# **Natural Language Processing**
## **What is NLP?**
**NLP stands for Natural Language Processing**, which is a part of Computer Science, Human language, and Artificial Intelligence. It is the technology that is used by machines to understand, analyse, manipulate, and interpret human's languages.
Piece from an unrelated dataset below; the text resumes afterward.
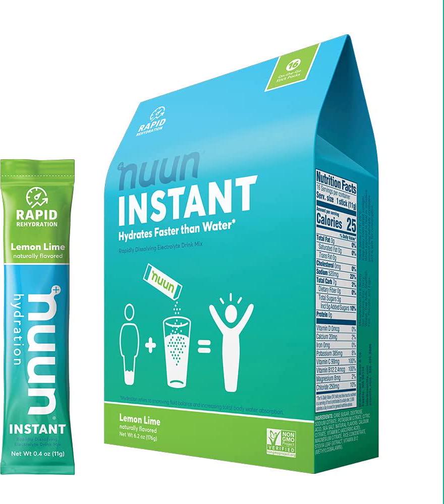 Dont let dehydration slow you down. Nuun Instant electrolyte powder hydrates faster than water alone with a potent blend of electrolytes, vitamins, and minerals. Drink Nuun Instant when you need FAST relief from the symptoms of dehydration. Nuun Instant was formulated with the WHOs guidelines for Oral Rehydration Therapy, to create our specific blend of electrolytes, vitamins, and minerals which hydrate the body faster than water. Each serving of Nuun Instant has 100% of the daily recommended serving of Vitamin C and Vitamin B12 as well as complete electrolytes and only 25 calories. Simply add one of Nuun Instants single-serve sachets to 16oz of water and rehydrate your body FAST with every sip.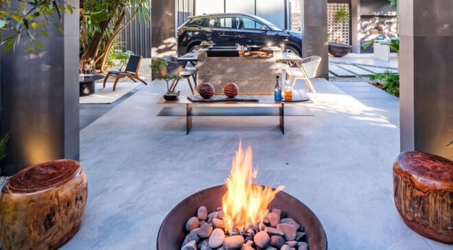 Para intervenirlo, el arquitecto utilizó materiales como el porcelanato en tonos azules para dar la sensación de tranquilidad, ademas de la fogata, piedras y tejidos que se reflejan en el mobiliario para exterior.

It helps developers to organize knowledge for performing tasks such as translation, automatic summarization, Named Entity Recognition (NER), speech recognition, relationship extraction, and topic segmentation.

![alt text](https://lh4.googleusercontent.com/HvOsRDR2W55YFM1ffjeBAmCr1hUVeQlT_h2NZXd_dQCdqiaKTDeWIUg28wmznHhI9WhO2tc6q6DVu5SMmfKtfhiCiEocD82JFWSnpich9okxrfBtbwJynbbe8FgUF2vdT2S0Fb0)

## **Applications of NLP**
There are the following applications of NLP -
1. **Question Answering**

Question Answering focuses on building systems that automatically answer the questions asked by humans in a natural language.

![alt text](https://lh4.googleusercontent.com/llxua0Kxt4LY6Jq0KtwdoLqVp9VmGYtpU7SXy71KHB4tW7CRGT8tQ2xGmaoTZ3gX0CC5TQgRyuKEQttbUVB30yNQuI7R1HcEJKSKNms8BhqBEVnbst7w2KI6UIGzH81Fev77SWQ)

2. **Spam Detection**

Spam detection is used to detect unwanted emails getting to a user's inbox.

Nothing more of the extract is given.